Какая это была радость! Маша покраснела до ушей и воскликнула:

– Дети, дети, слышите, у нас будет учительница, и я буду учиться! Не правда ли, папочка, и я буду учиться?

– Учись, друг мой, если желаешь.

– Конечно, желаю, как не желать, и мы увидим, кто из нас будет учиться прилежнее. Дети, как вы думаете?

– Нечего и думать, – сказала Агаша, – все это наперед знают: ты будешь лучше всех учиться. Разве ты нам пара!

– Отчего же не пара?

– Ты большая.

– Что ж такого? И вы большие, только я старшая большая, а вы ме́ньшие большие. Зато у меня и дела больше. Вы только и будете знать, что учиться, а на мне весь дом, все хозяйство, да и к маменьке надо пойти, проведать ее.

– Пожалуйста, пожалуйста, – запели хором девочки, – ты о маменьке помалкивай, мы тоже каждый день к ней ходим.

– Чтобы досыта налакомиться, – засмеялась Маша.

– Вот и неправда, вот и неправда! Намедни мы пришли – и никакого угощения не было. Дарья-няня ушла ко всенощной, и мы даже и чаю не попили, а все-таки сидели, разговорами маменьку занимали, – возражали девочки, обижаясь.

– Ну, ну, я пошутила; я знаю, что вы маменьку любите.

– Конечно, любим, и она нас любит.

– Конечно, и она вас любит, – сказала Маша с внезапным умилением в голосе, точно она подумала сейчас, как велико ее счастье. Она действительно так думала и каждый день благодарила за это Бога.

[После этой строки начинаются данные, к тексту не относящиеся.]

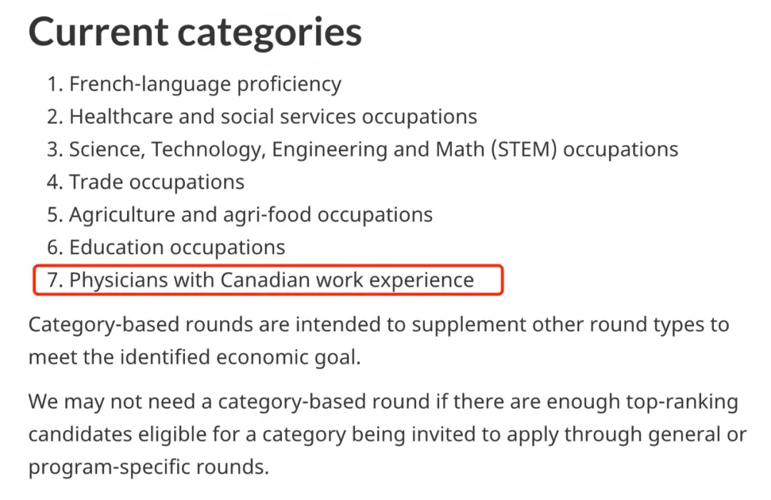 目前,在“基于类别邀请”的官网页面上,“具有加拿大工作经验的医生”已经被列入清单,成为第 7 个类别。
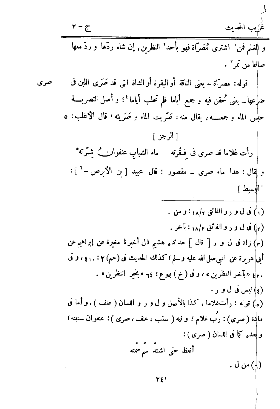 وَالْغنم فَمن اشْترى مُصَرّاة فَهُوَ بِأحد النظرين إِن شَاءَ ردّها وردّ مَعهَا صَاعا من تمر. قَوْله: مصراة يَعْنِي النَّاقة أَو الْبَقَرَة أَو الشَّاة الَّتِي قد صَرَى بهَا اللَّبن فِي ضرْعهَا يَعْنِي حُقن فِيهِ وَجمع أَيَّامًا فَلم تحلب أَيَّامًا وأصل التصرية حبس المَاء وَجمعه يُقَال مِنْهُ: صَرّيت المَاء وصريته قَالَ الْأَغْلَب:
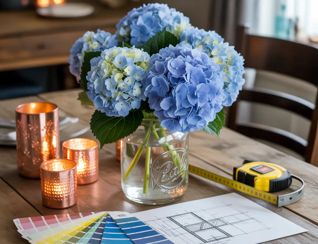 Blue hydrangea centerpieces are ideal for dining tables, coffee tables, entry consoles, and mantel displays. They’re also perfect for seasonal events—summer lunches, baby showers, engagement parties, and relaxed weddings. Want more styling inspiration? Check out our home design ideas and browse hands-on projects on our DIY projects page for complementary tips.
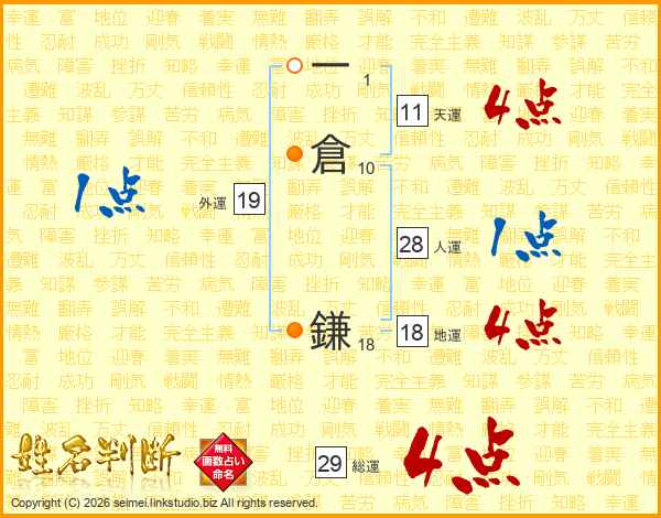一倉鎌さんの総運は29画の4点!
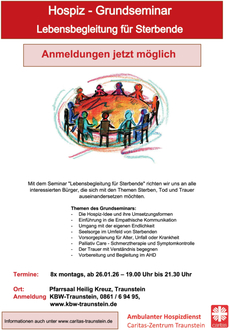 Anmeldungen unter Tel. 086169495 beim Kath. Kreisbildungswerk Traunstein. Weitere Informationen sind auch beim Ambulanten Hospizdienst Caritas Traunstein unter Tel. 086198877920 erhältlich.

Начались уроки. И хоть девочки были и прилежные ученицы, но как ни старались, а Маша успевала больше их и еще им помогала учить уроки. Встречали они свою учительницу с веселыми лицами, сразу серьезно принимались за дело и во время занятия ни разу не улыбались; учительница говорила, что давать уроки в их доме не труд, а удовольствие. Ленивее других оказалась лишь Анюта. Она была девочка-огонь, одаренная способностями, но резвая и рассеянная, и Маше приходилось часто ей выговаривать. Раз-другой даже доходило до ссоры, потому что Анюта была скора на ответы, нетерпелива и иногда отвечала невежливо. Маша серьезно сердилась на нее и, случалось, не говорила с ней до самого вечера ни единого слова. Тогда Анюта поглядывала на нее и вдруг не выдерживала, бросалась ей на шею, просила прощения и горько плакала, так плакала, что Маше приходилось утешать ее.

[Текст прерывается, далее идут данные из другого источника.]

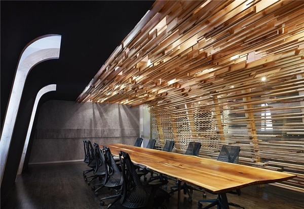 會(huì)議室的照明也經(jīng)過深思熟慮,燈具隱于頂面條板的上方,形成豐富的光影效果。由完整的櫻桃樹打磨而成的會(huì)議桌,呈現(xiàn)著木紋自然的曲線、訴說著不菲的價(jià)值。獨(dú)立辦公室沿外墻而設(shè),家具都采用橡木特別定制。
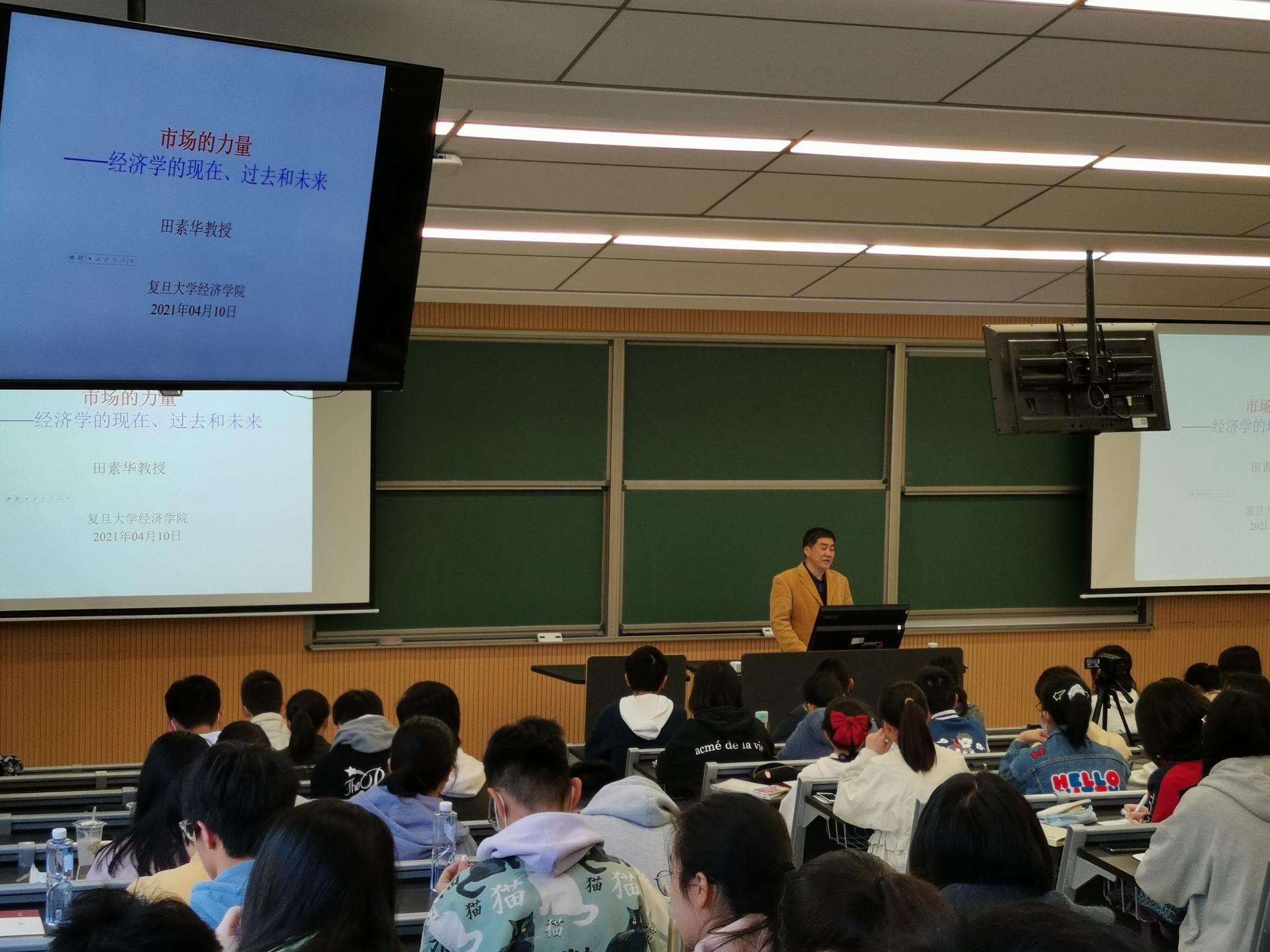 田素华老师讲解了经济学发展史上的三次革命和三次综合,并介绍了现代经济学的发展态势,系统介绍了经济学的演进规律和发展前景;结合中国经济赶超和世界经济格局的变化,与同学们探讨了经济学家的使命。

– Голубчик мой, Анюта, нельзя так жить на свете, – говорила Маша серьезно, – тебе все бы веселиться да скакать, и ты весела до тех пор, пока тебя гладят по шерстке.

– Да разве я собачонка, что у меня шерстка, – отвечала Анюта, начиная сердиться.

– Конечно, не собачонка, да нрав у тебя бедовый: ты самолюбива не в меру и дерзка на словах. Вырастешь – сама увидишь, что надо прежде всего над собой волю взять; если мы не умеем собой управлять, то будем ни к чему не пригодны.

– А ты собой управлять умеешь? – спросила Анюта. – Вчера ты как рассердилась на Марфу, даже закричала.

– Я рассердилась за дело.

– И я за дело.

– Как, ты опять спорить? – удивилась Маша. – Слово за слово – тебе надо всегда последнее слово сказать и на своем поставить. Мы тебе уступаем, а ты думаешь, все всегда тебе уступать будут?

– Зачем мне все, я их знать не хочу, – сказала Анюта, – я живу с вами, а с другими жить не хочу.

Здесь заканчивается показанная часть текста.